• **DATASET EXCERPT**
--
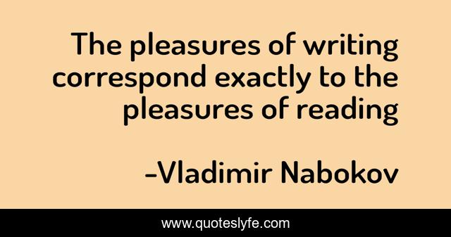 This page presents the quote "The pleasures of writing correspond exactly to the pleasures of reading". Author of this quote is Vladimir Nabokov. This quote is about pleasure, literature, fiction,.
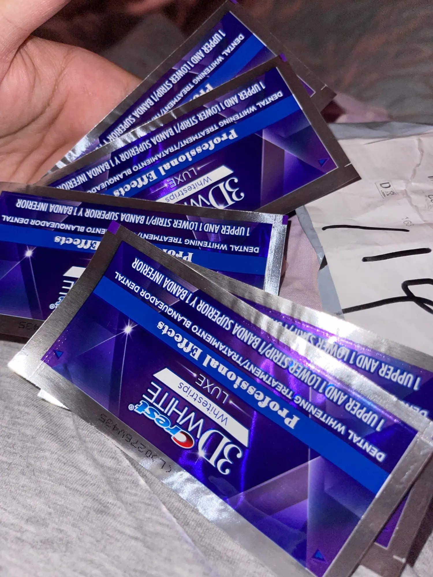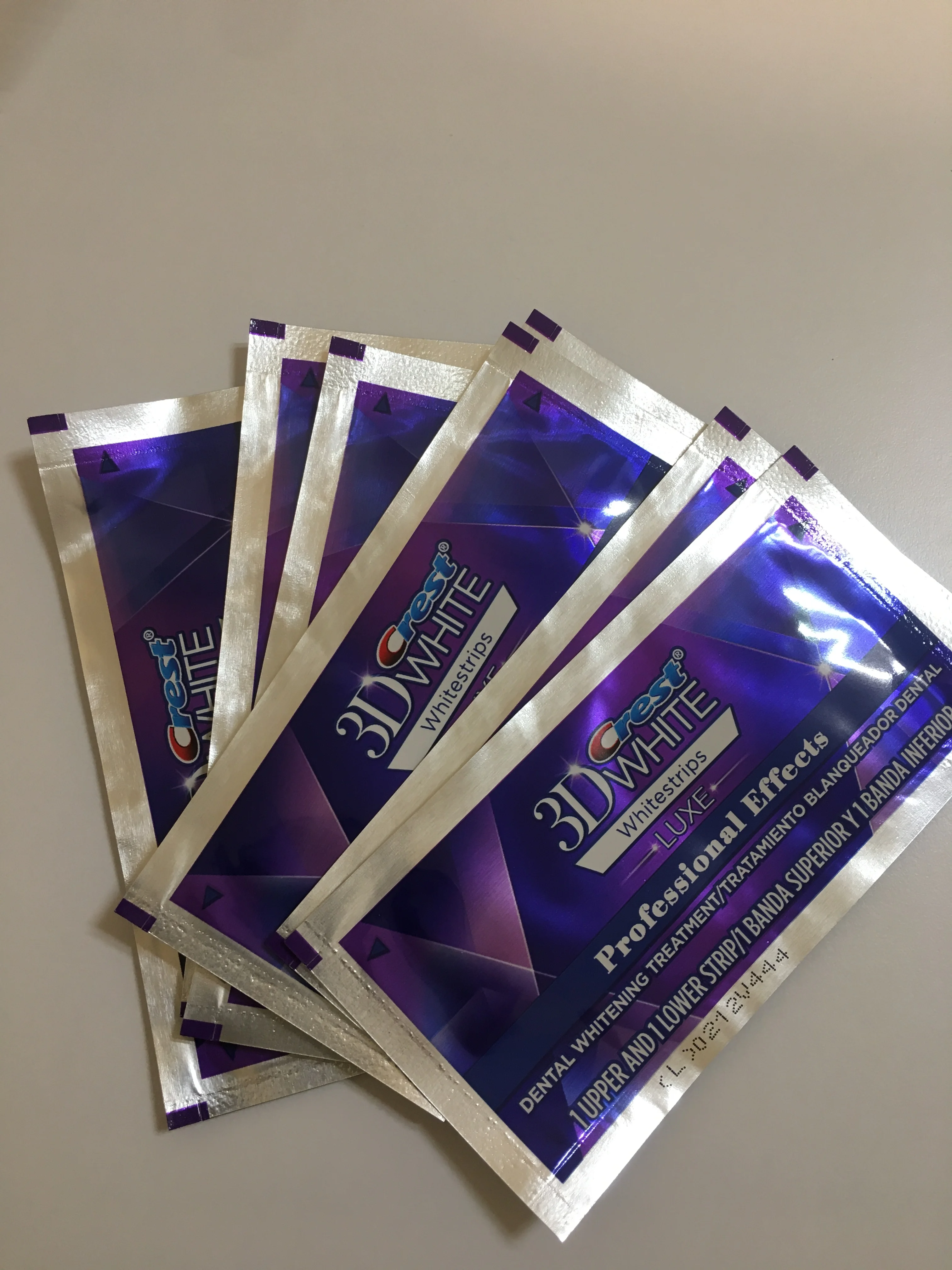 Я получил свою посылку sayai, аккаунт есть, я не думаю, что это настоящие полосы Crest, полосы немного короткие и не покрывают щетку зубов перед повреждением, Я проверил только один раз, я не видел отбеливания, однако полосы оставляют зубы очень чистыми.
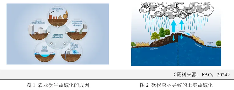 由于森林砍伐和深根植被向浅根作物的转变,土壤会发生盐碱化。这种作物转型改变了景观的水文格局,导致蒸散量减少和地下水补给增加(秦金波,2024)。地下水位上升导致地下层所含盐分活化并带至地表(图2)。如澳大利亚西南部在1970年有过200万公顷的土地受到此类转型的影响,从而引发了全国性的旱地盐碱控制计划。2003年仍有超过180万公顷的土地受到盐碱影响,到2050年,可能面临风险的土地面积将达到880万公顷(Hatton et al.,2003)。在其他地区,如阿根廷、巴拉圭、玻利维亚的干旱查科地区(Maertens,2021;Maertens et al.,2022)以及泰国(Miura et al.,1991)也报告了因森林砍伐导致的土壤盐碱化现象。
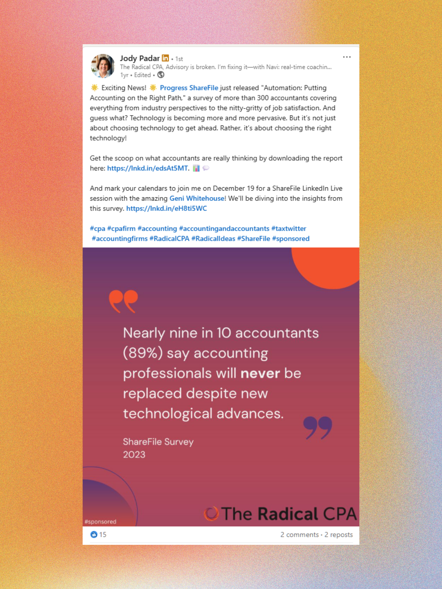 Partnered with leading accounting influencer Jody Padar and other industry experts to interpret results—elevating the report from data to actionable, trusted insights for the profession.
--
• **TO DO**
Please write out the entire listing above exactly, but leave the pictures out.

• **TASK ANSWER**
 This page presents the quote "The pleasures of writing correspond exactly to the pleasures of reading". Author of this quote is Vladimir Nabokov. This quote is about pleasure, literature, fiction,.
 Я получил свою посылку sayai, аккаунт есть, я не думаю, что это настоящие полосы Crest, полосы немного короткие и не покрывают щетку зубов перед повреждением, Я проверил только один раз, я не видел отбеливания, однако полосы оставляют зубы очень чистыми.
 由于森林砍伐和深根植被向浅根作物的转变,土壤会发生盐碱化。这种作物转型改变了景观的水文格局,导致蒸散量减少和地下水补给增加(秦金波,2024)。地下水位上升导致地下层所含盐分活化并带至地表(图2)。如澳大利亚西南部在1970年有过200万公顷的土地受到此类转型的影响,从而引发了全国性的旱地盐碱控制计划。2003年仍有超过180万公顷的土地受到盐碱影响,到2050年,可能面临风险的土地面积将达到880万公顷(Hatton et al.,2003)。在其他地区,如阿根廷、巴拉圭、玻利维亚的干旱查科地区(Maertens,2021;Maertens et al.,2022)以及泰国(Miura et al.,1991)也报告了因森林砍伐导致的土壤盐碱化现象。
 Partnered with leading accounting influencer Jody Padar and other industry experts to interpret results—elevating the report from data to actionable, trusted insights for the profession.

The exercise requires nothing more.